In conclusion, the spatial distribution of carbon emissions in the CCEZ is uneven. Chengdu and Chongqing’s main urban areas have large total carbon emissions, but the growth rate tends to be stable. The surrounding counties of Chengdu and Chongqing, driven by their development, have a faster growth rate of carbon emissions.
Lisa cluster analysis
By using LISA clustering, the local spatial characteristics of carbon emissions at the county scale in the CCEZ are displayed. At the county scale, the distributions of counties with strong spatial autocorrelation from 2000 to 2020 are similar, and the results are shown in Fig. 11.
In 2000, there were 52 counties classified as LL-type, mainly distributed in cities such as Ya’an, Leshan, and Nanchong. There were 35 counties classified as HH-type, which were mainly distributed in most counties of Chengdu, Deyang, and Chongqing. Other counties were not significant regions. In 2006, there were 45 counties classified as LL-type, with decreases mainly in the northern region, including Dongxing District and Longchang in Neijiang, Anju District and Daying County in Suining, Tongchuan District, Dachuan District, and Qu County in Dazhou. The HH-type counties increased in Jintang County and Jianyang in Chengdu. The clustering areas in 2013 were similar to those in 2006, with a decrease in the number of LL-type counties in Yingshan County, Dazhou. The HH-type counties increased with Anzhou District in Mianyang. In 2020, the LL-type counties overlapped with those in 2013, and the HH-type counties decreased in Chongzhou District and Shuangliu District in Chengdu and Yongchuan District in Chongqing. Overall, the county-scale carbon emissions in the CCEZ show obvious clustering characteristics, and Chengdu, Deyang, and the municipal districts of Chongqing, which belong to the HH-type cluster, can be identified as precise emission reduction areas.
Carbon emission trend analysis
First, the carbon emission data at the grid scale for the years 2000–2020, for a total of 21 years, were transformed into panel data files. The files were then filtered to extract valid data and merged. Next, Sen’s slope algorithm was used to calculate the trend in carbon emissions for each grid from 2000 to 2020. The trend values were subjected to significance testing using the Mann‒Kendall trend test. A p value less than 0.05 indicated a reliable trend. After confirming the reliability of the calculation results, the trend calculation results were connected to the vector fishnet file, and the visualization results were finally output.
Figure 12 shows the visualization results of the trend analysis. The carbon emissions in the CCEZ from 2000 to 2020 experienced an overall upward trend with stable changes. From the perspective of the internal regions, the areas with significant carbon emission changes are mainly concentrated in the northwestern and southeastern central regions.
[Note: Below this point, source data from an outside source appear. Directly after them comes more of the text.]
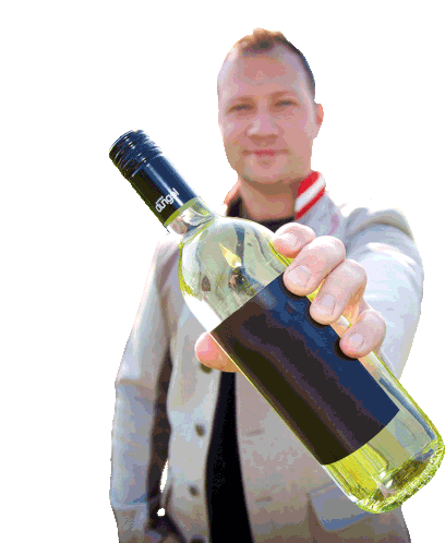 A man holds a bottle of 'Save Water' wine, promoting a fun and eco-conscious winetime message.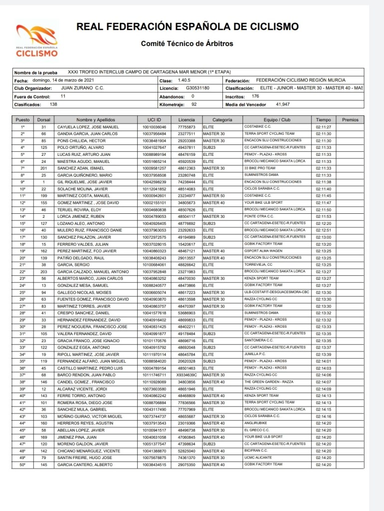 El ciclista de Puerto Lumbreras José Manuel Cayuela, del equipo Costabike, se ha impuesto hoy en la primera etapa del Interclub Campo de Cartagena-Mar Menor 2021, disputada en Lorca sobre un trazado de 91,3 kilómetros. Cayuela ha hecho en meta un tiempo de dos horas, 11 minutos y 27 segundos. A cuatro segundos entraron Juan Carlos Gandía (Terra Sport) y el corredor del Encancon SLU Héctor Pons. A seis del vencedor llegaron Álvaro Polo (Cartagena), Arturo Juan Lucas (Pemoy Plaza 3), Manuel Maestra (Brócoli), Ismael Sánchez y Mario García (Suministros Dama).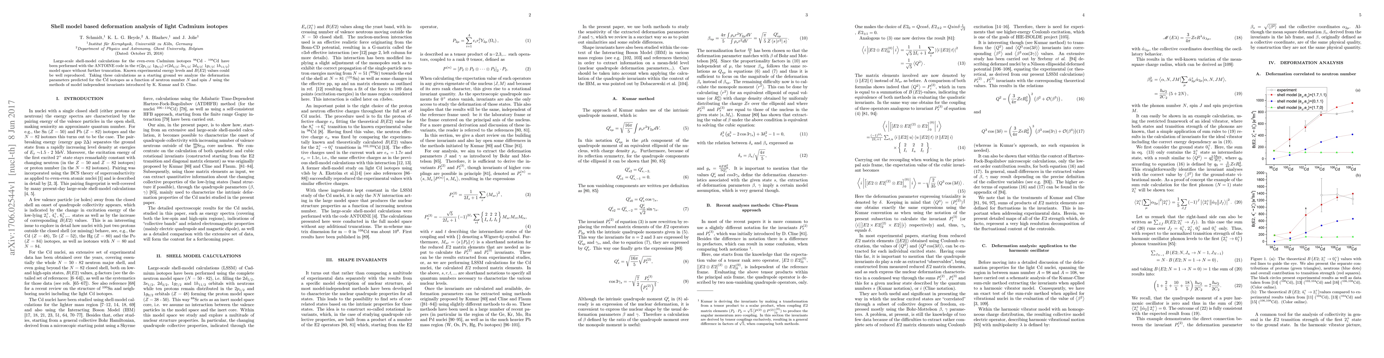 Large-scale shell-model calculations for the even-even Cadmium isotopes 98 Cd - 108 Cd have been performed with the ANTOINE code in the {\pi}(2p 1/2 ; 1g 9/2 ) {\nu}(2d 5/2 ; 3s 1/2 ; 2d 3/2 ; 1g 7/2 ; 1h 11/2 ) model space without further truncation. Known experimental energy levels and B(E2) values could be well reproduced. Taking these calculations as a starting ground we analyze the deformation parameters predicted for the Cd isotopes as a function of neutron number N and spin J using the methods of model independent invariants introduced by K. Kumar and D. Cline.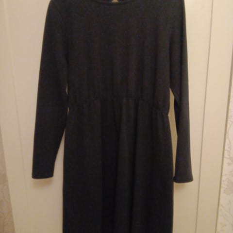 Sinisessä mekossa on leveä malli ja kaksi taskua. Koko L tai 42/44, materiaali 100 % orgaanista puuvillaa.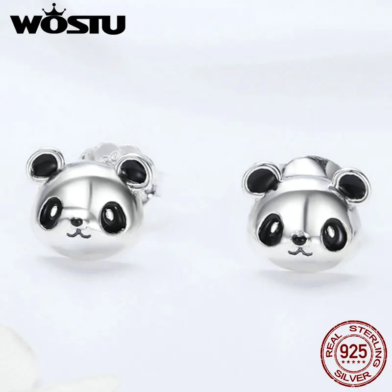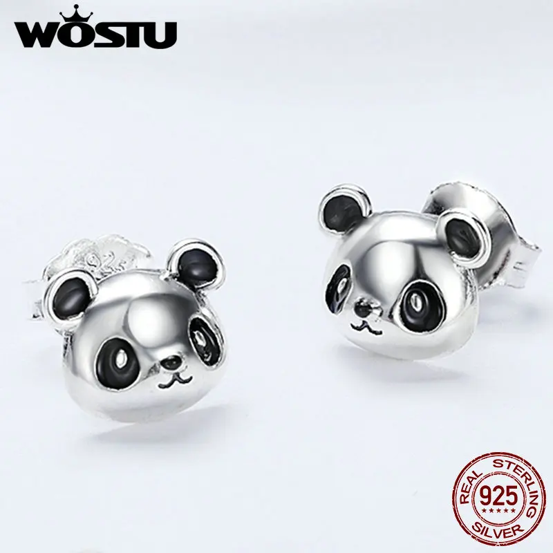 Женские серьги-пусеты WOSTU, из 100% стерлингового серебра 925 пробы с милой пандой, модные украшения в подарок, Прямая поставка CQE386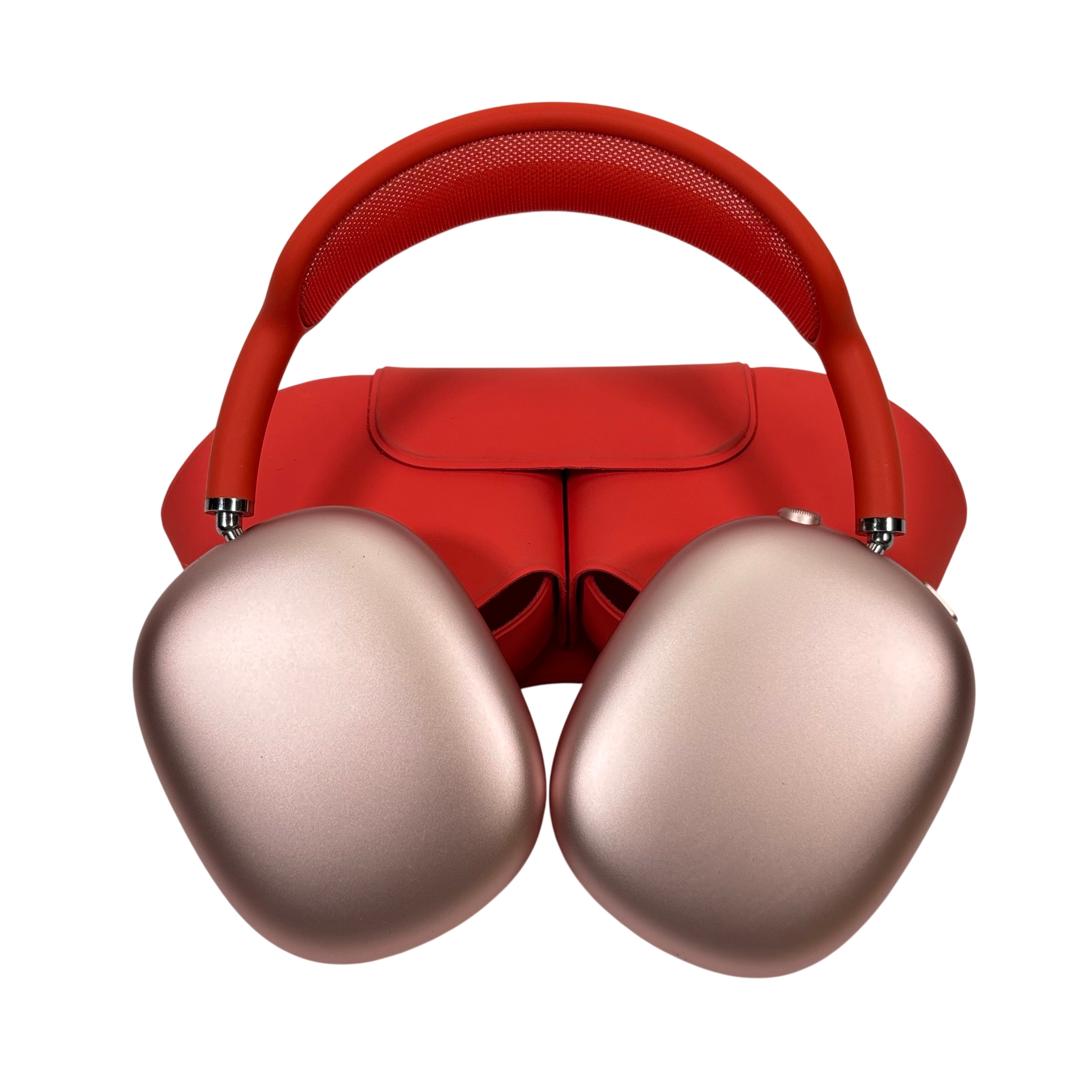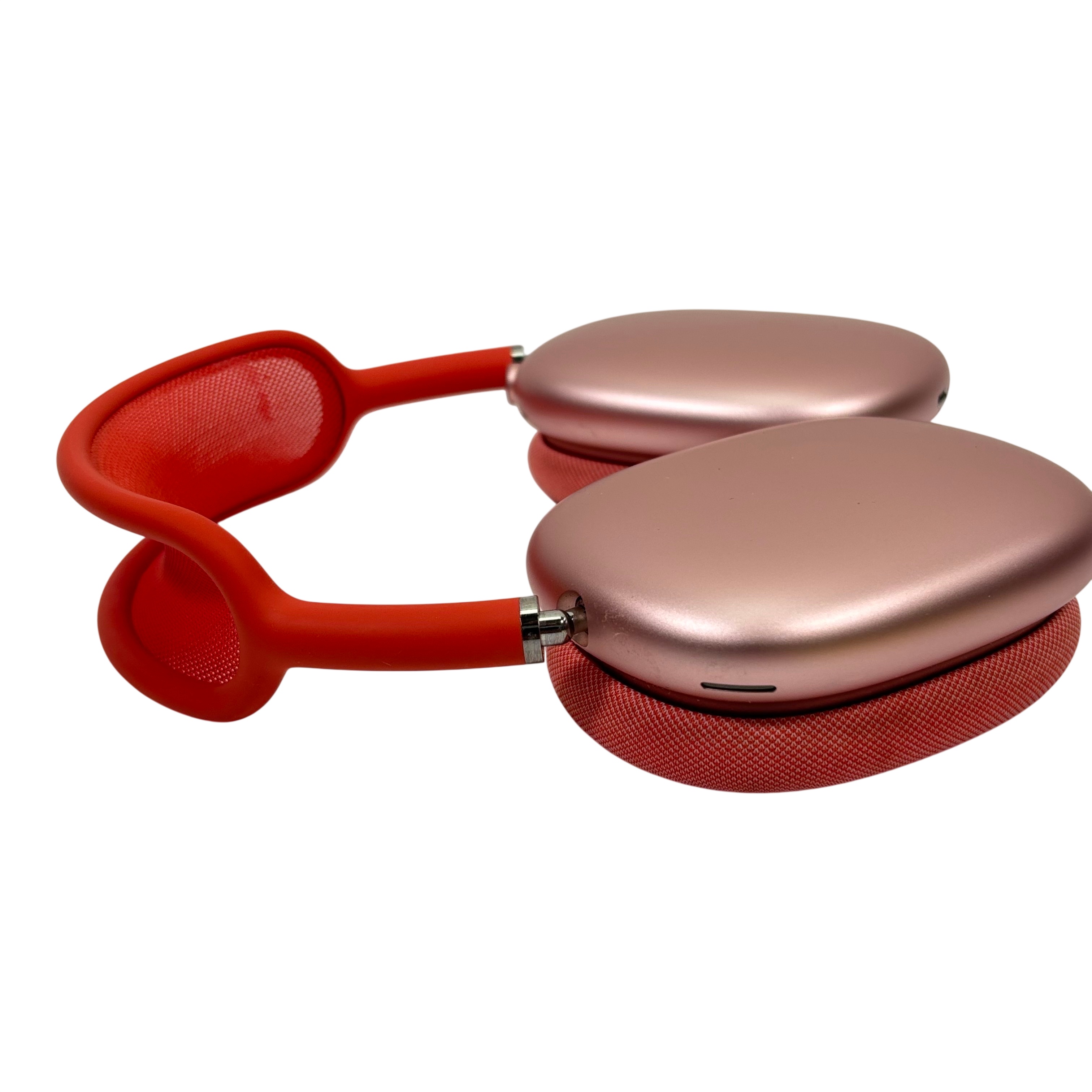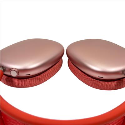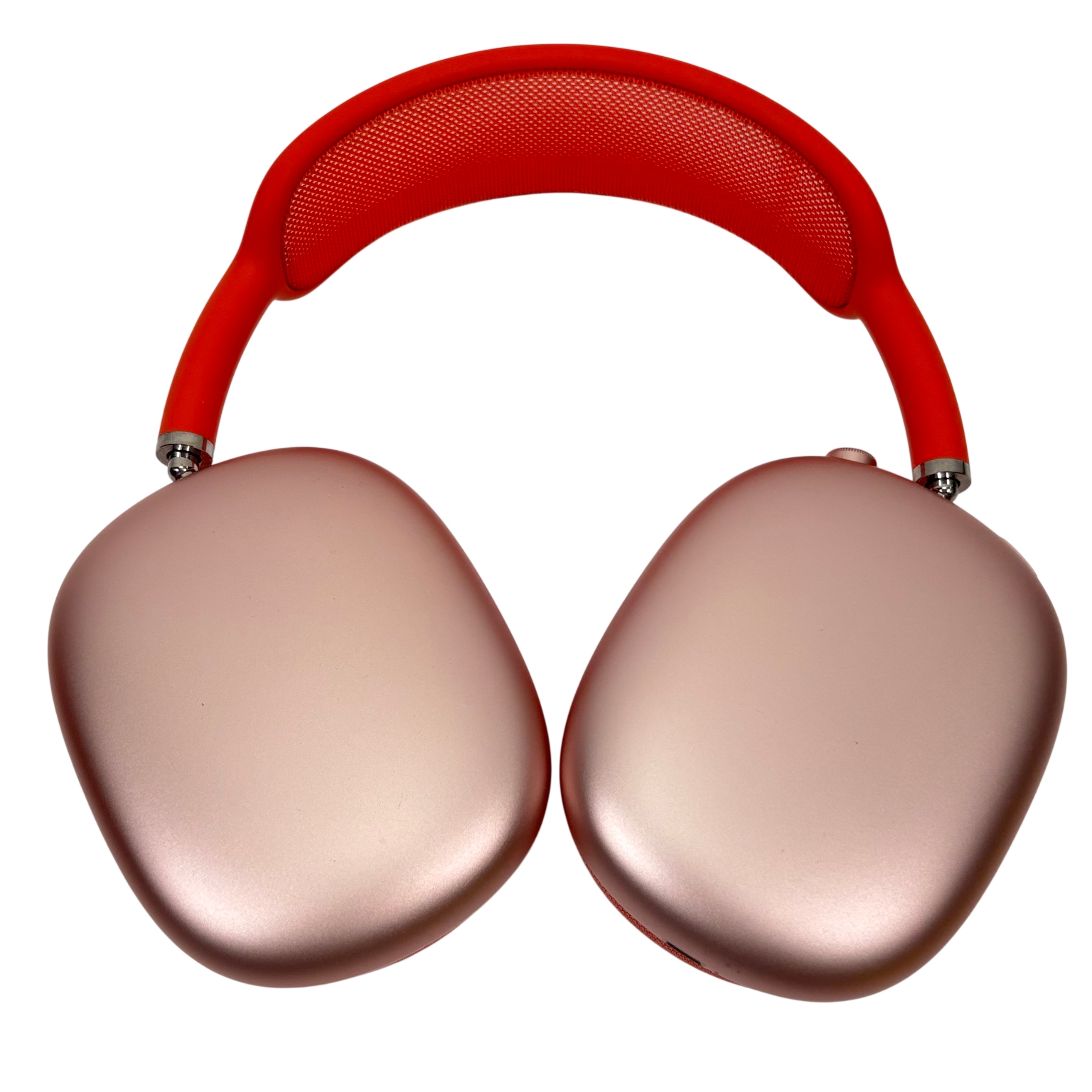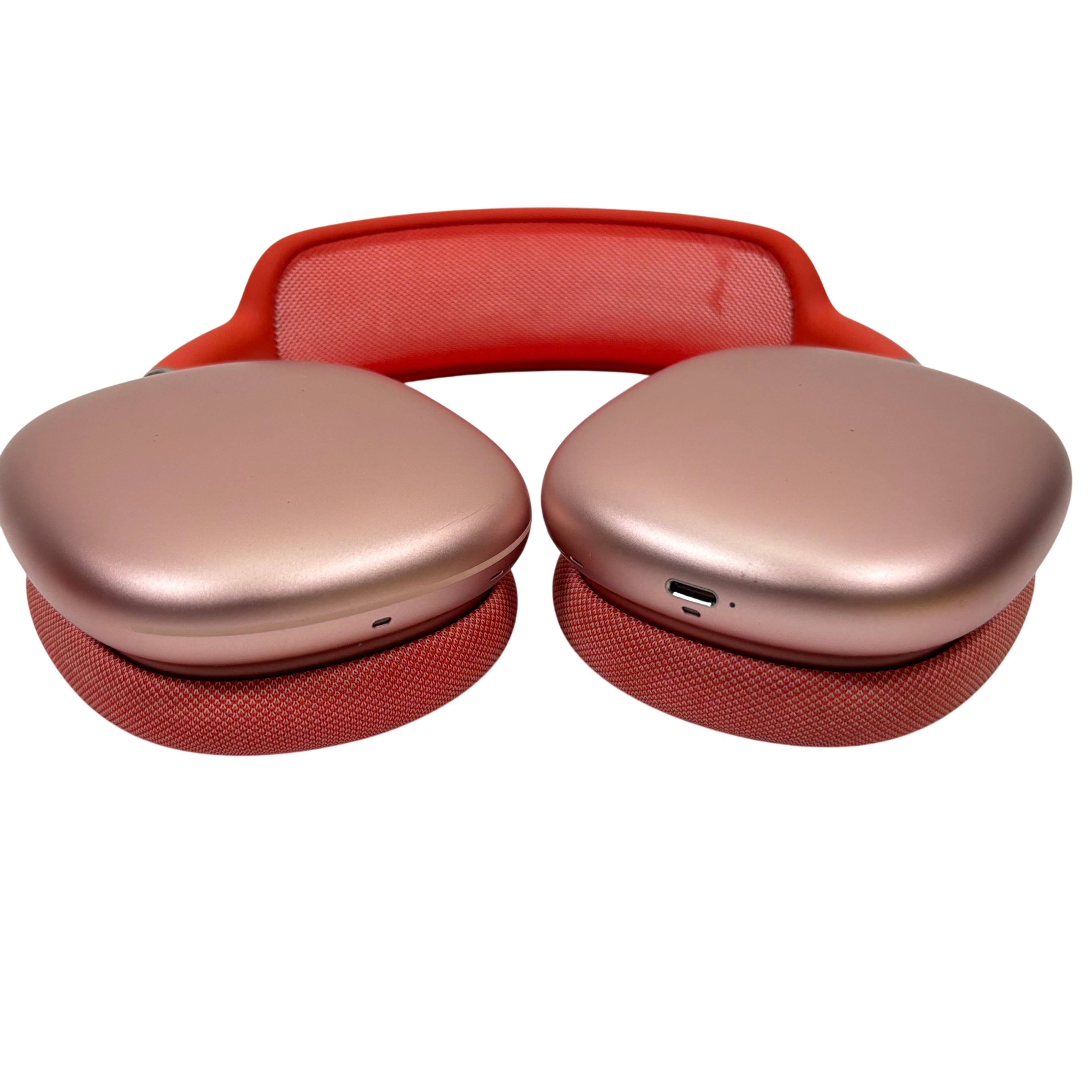 Apple AirPods Max are premium over-ear wireless headphones featuring advanced Active Noise Cancellation and Spatial Audio for an immersive listening experience. Designed with a stainless steel frame and aluminum ear cups in a stylish Pink Sand color paired with a red mesh headband, these headphones deliver high-fidelity sound and comfort. The digital crown allows precise volume and playback control, while the rechargeable battery supports convenient wireless use. Included in the set are the headphones, a smart case, and a Lightning to USB-C charging cable, making them ideal for audiophiles and Apple ecosystem users.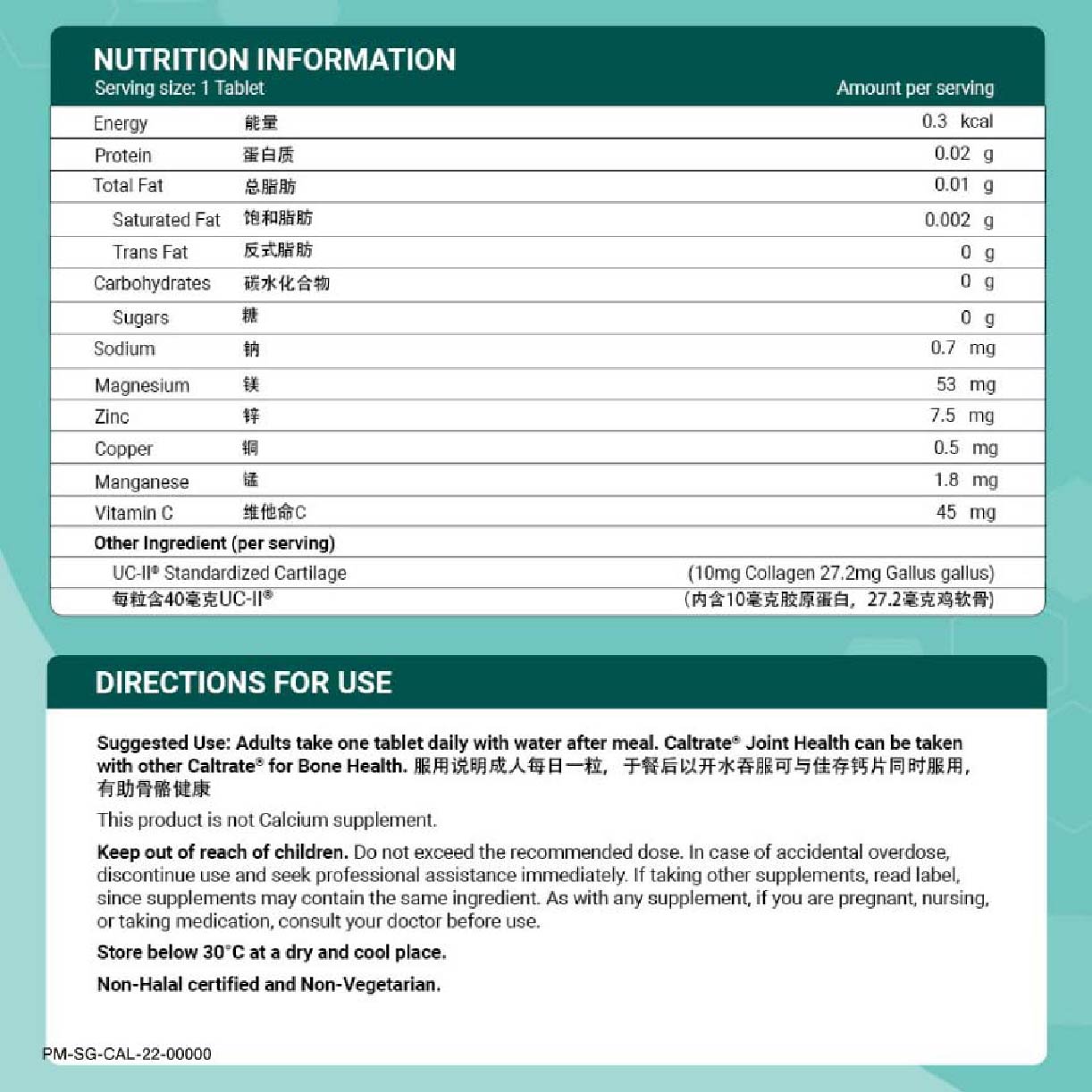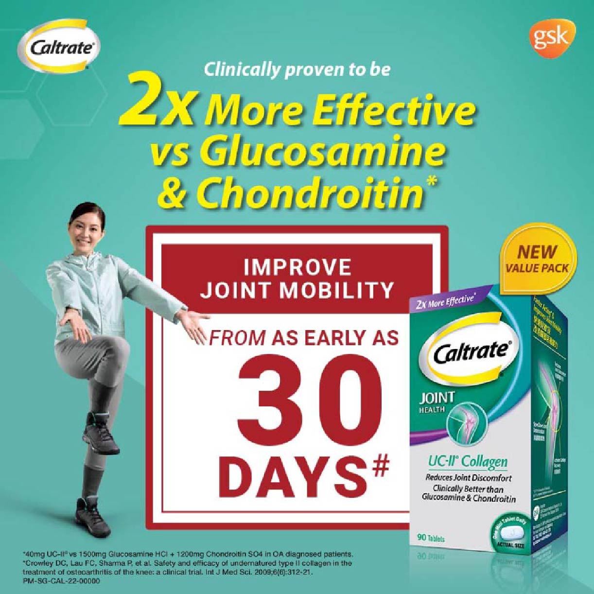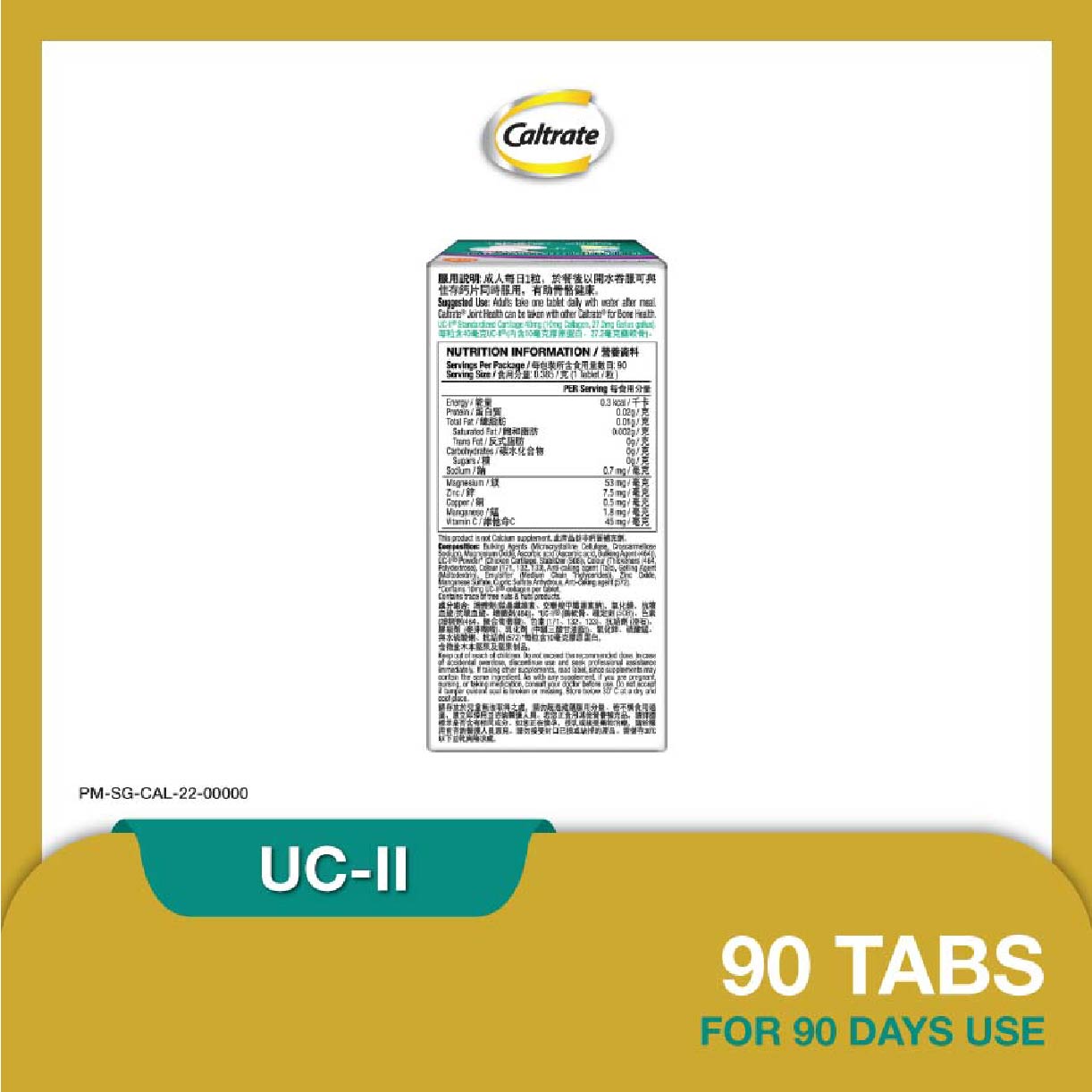 Caltrate Joint Health UC-II Collagen Supplement Tablet (2X More Effective vs Glucosamine + Reduce Joint Discomfort) 90s Support your joint health with the Caltrate Joint Health Undenatured Collagen Type II (UC-II). Caltrate Joint Health UC-II contains UC-II undenatured collagen type II, a patented ingredient that has been clinically tested to reduce joint discomfort and promote healthy cartilage and joint flexibility for healthier and longer active living. MAHS2000216 **Where applicable, items have a minimum of nine-month shelf life before expiry unless otherwise stated on product description.

The trend in carbon emissions in the northwest region is generally greater than 0, indicating an upward trend in carbon emissions, while the trend in carbon emissions in the southeast central region is less than 0, indicating a significant downward trend. The Mann‒Kendall trend test also revealed the magnitude of carbon emission changes in the CCEZ, revealing that the overall change from 2000 to 2020 was relatively small and the results are shown in Fig. 13.